- **Exercise prompt**
In the copy, include all of the listing exactly and none of its pictures.

- **Information shown**
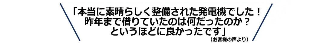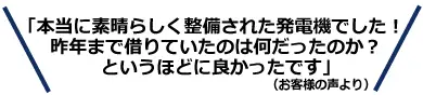 発電機レンタルは、精密な機械をお使いいただくため、トラブルが多い商品として業界では知られています。
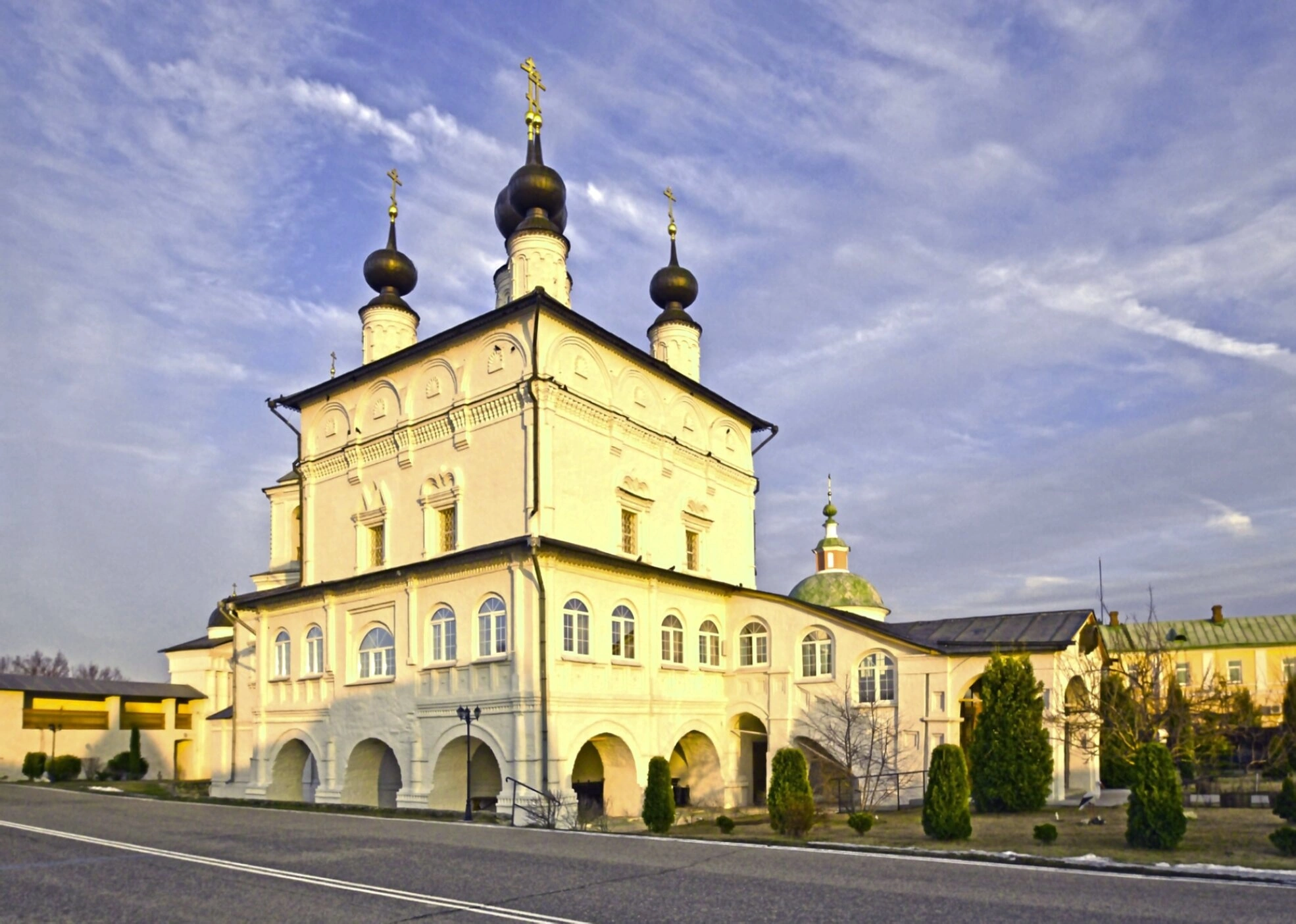 Перед собором видна монастырская дорога, а ухоженная территория с зелёными насаждениями и деревьями свидетельствует о заботе насельниц о своей святой обители. Фотография передаёт не только внешнюю красоту архитектурного памятника, но и ту особую, молитвенную атмосферу умиротворения и благодати, которая неизменно ощущается в этом намоленном месте на берегу древней реки Оки.
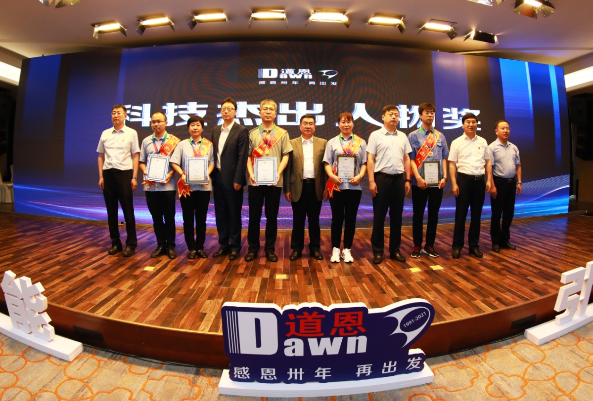 當天上午,道恩集團在龍口工商聯合大酒店舉行了以“科技賦能 引領未來”為主題的科技創新大會,回顧總結了30年來道恩科技創新發展的歷程,對在科技戰線上做出突出貢獻的科技工作者和優秀科研成果進行表彰獎勵。
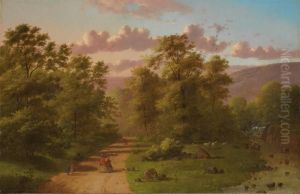 A Winter Landscape With Figures By A Farmstead
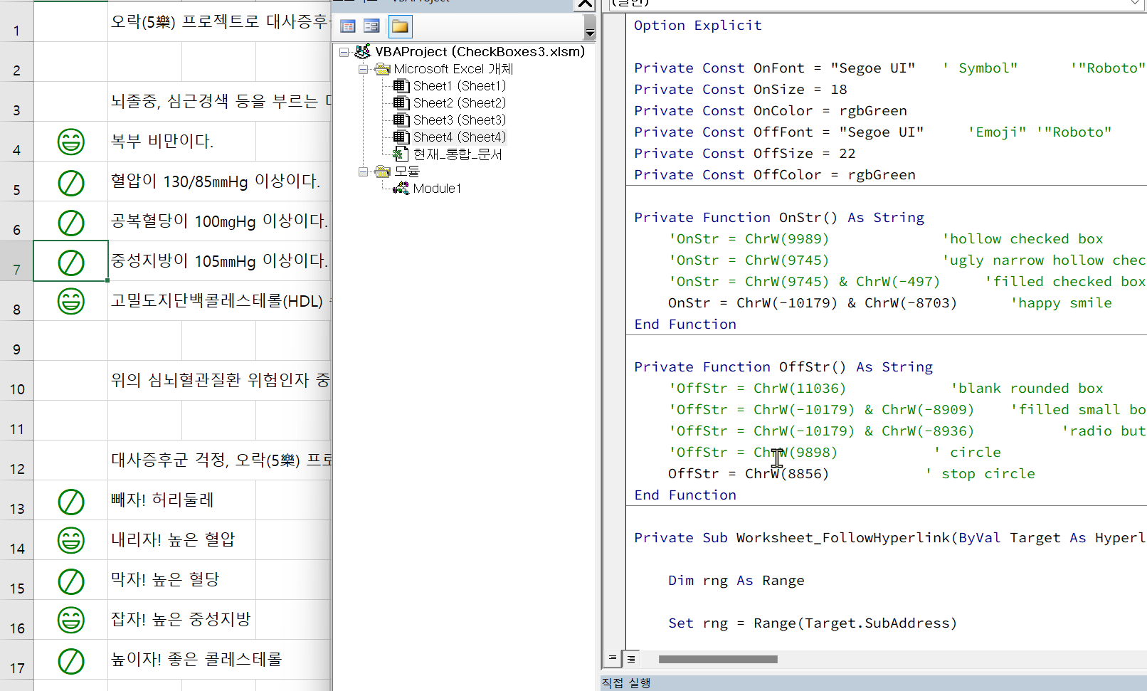 Sheet1 , Sheet3, Sheet4의 문자가 서로 다릅니다. 체크모양의 이모지 문자는 링크에서 찾아보세요.

- **Result of the task**
 発電機レンタルは、精密な機械をお使いいただくため、トラブルが多い商品として業界では知られています。
 Перед собором видна монастырская дорога, а ухоженная территория с зелёными насаждениями и деревьями свидетельствует о заботе насельниц о своей святой обители. Фотография передаёт не только внешнюю красоту архитектурного памятника, но и ту особую, молитвенную атмосферу умиротворения и благодати, которая неизменно ощущается в этом намоленном месте на берегу древней реки Оки.
 當天上午,道恩集團在龍口工商聯合大酒店舉行了以“科技賦能 引領未來”為主題的科技創新大會,回顧總結了30年來道恩科技創新發展的歷程,對在科技戰線上做出突出貢獻的科技工作者和優秀科研成果進行表彰獎勵。
 A Winter Landscape With Figures By A Farmstead
 Sheet1 , Sheet3, Sheet4의 문자가 서로 다릅니다. 체크모양의 이모지 문자는 링크에서 찾아보세요.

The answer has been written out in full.